计算逻辑
spark sql实现代码
package com.dmp.report
import org.apache.spark.sql.{DataFrame, SQLContext}
import org.apache.spark.{SparkConf, SparkContext}
object AreaAnalysRpt {
def main(args: Array[String]): Unit = {
// 0 校验参数个数
if (args.length != 1) {
println(
"""
|cn.dmp.report.AreaAnalyseRpt
|参数:
| logInputPath
""".stripMargin)
sys.exit()
}
// 1 接受程序参数
val Array(logInputPath) = args
// 2 创建sparkconf->sparkContext
val sparkConf = new SparkConf()
sparkConf.setAppName(s"${this.getClass.getSimpleName}")
sparkConf.setMaster("local[*]")
// RDD 序列化到磁盘 worker与worker之间的数据传输
sparkConf.set("spark.serializer", "org.apache.spark.serializer.KryoSerializer")

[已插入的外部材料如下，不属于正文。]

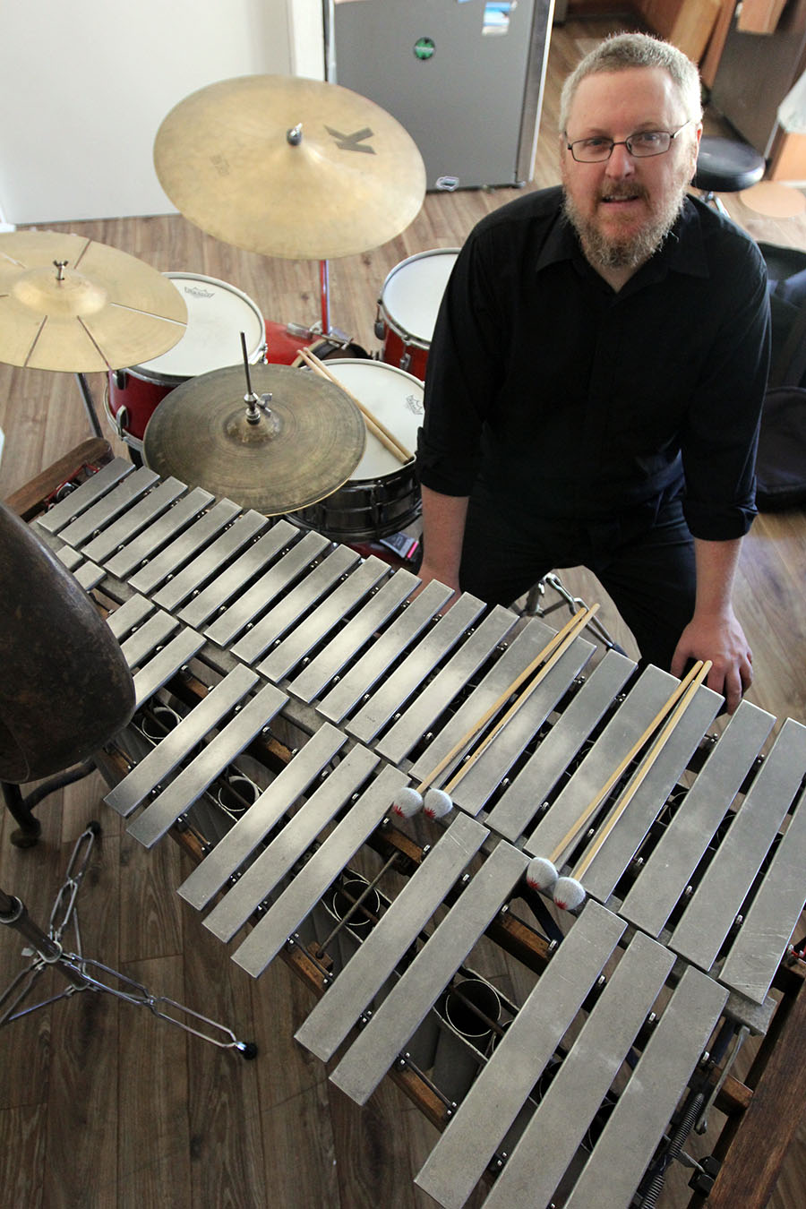 Hubbard also plays orchestral percussion. He was trained in that genre by mentors like Pat Pfiffner at Palomar College and Danlee Mitchell at San Diego State. Most often it’s vibraphone and marimba, with occasionally tympani. All of these skills come in handy when Hubbard works in musical theater around town, a pursuit he engages in several times a year, often for weeks at a time.

val sc = new SparkContext(sparkConf)
val sQLContext = new SQLContext(sc)
// 读取parquet文件
val parquetData: DataFrame = sQLContext.read.parquet(logInputPath)
// dataframe -> table
parquetData.registerTempTable("log")
//业务逻辑
sQLContext.sql(
"""
|select
|provincename, cityname,
|sum(case when requestmode=1 and processnode >=2 then 1 else 0 end) 有效请求,
|sum(case when requestmode=1 and processnode =3 then 1 else 0 end) 广告请求,
|sum(case when iseffective=1 and isbilling=1 and isbid=1 and adorderid !=0 then 1 else 0 end) 参与竞价数,
|sum(case when iseffective=1 and isbilling=1 and iswin=1 then 1 else 0 end) 竞价成功数,
|sum(case when requestmode=2 and iseffective=1 then 1 else 0 end) 展示数,
|sum(case when requestmode=3 and iseffective=1 then 1 else 0 end) 点击数,
|sum(case when iseffective=1 and isbilling=1 and iswin=1 then 1.0*adpayment/1000 else 0 end) 广告成本,
|sum(case when iseffective=1 and isbilling=1 and iswin=1 then 1.0*winprice/1000 else 0 end) 广告消费
|from log
|group by provincename, cityname
""".stripMargin
).show()
}
}
spark core实现代码
处理计算指标的逻辑类
package cn.dmp.utils
object RptUtils {
/**
* List(原始请求,有效请求,广告请求)
*/
def caculateReq(reqMode: Int, prcNode: Int): List[Double] = {
if (reqMode == 1 && prcNode == 1) {
List[Double](1, 0, 0)
} else if (reqMode == 1 && prcNode == 2) {
List[Double](1, 1, 0)
} else if (reqMode == 1 && prcNode == 3) {
List[Double](1, 1, 1)
} else List[Double](0, 0, 0)
}
/**
* List(参与竞价,竞价成功,消费,成本)
*/
def caculateRtb(effTive: Int, bill: Int, bid: Int, orderId: Int, win: Int, winPrice: Double, adPayMent: Double): List[Double] = {
if (effTive == 1 && bill == 1 && bid == 1 && orderId != 0) {
List[Double](1, 0, 0, 0)
} else if (effTive == 1 && bill == 1 && win == 1) {
List[Double](0, 1, winPrice / 1000.0, adPayMent / 1000.0)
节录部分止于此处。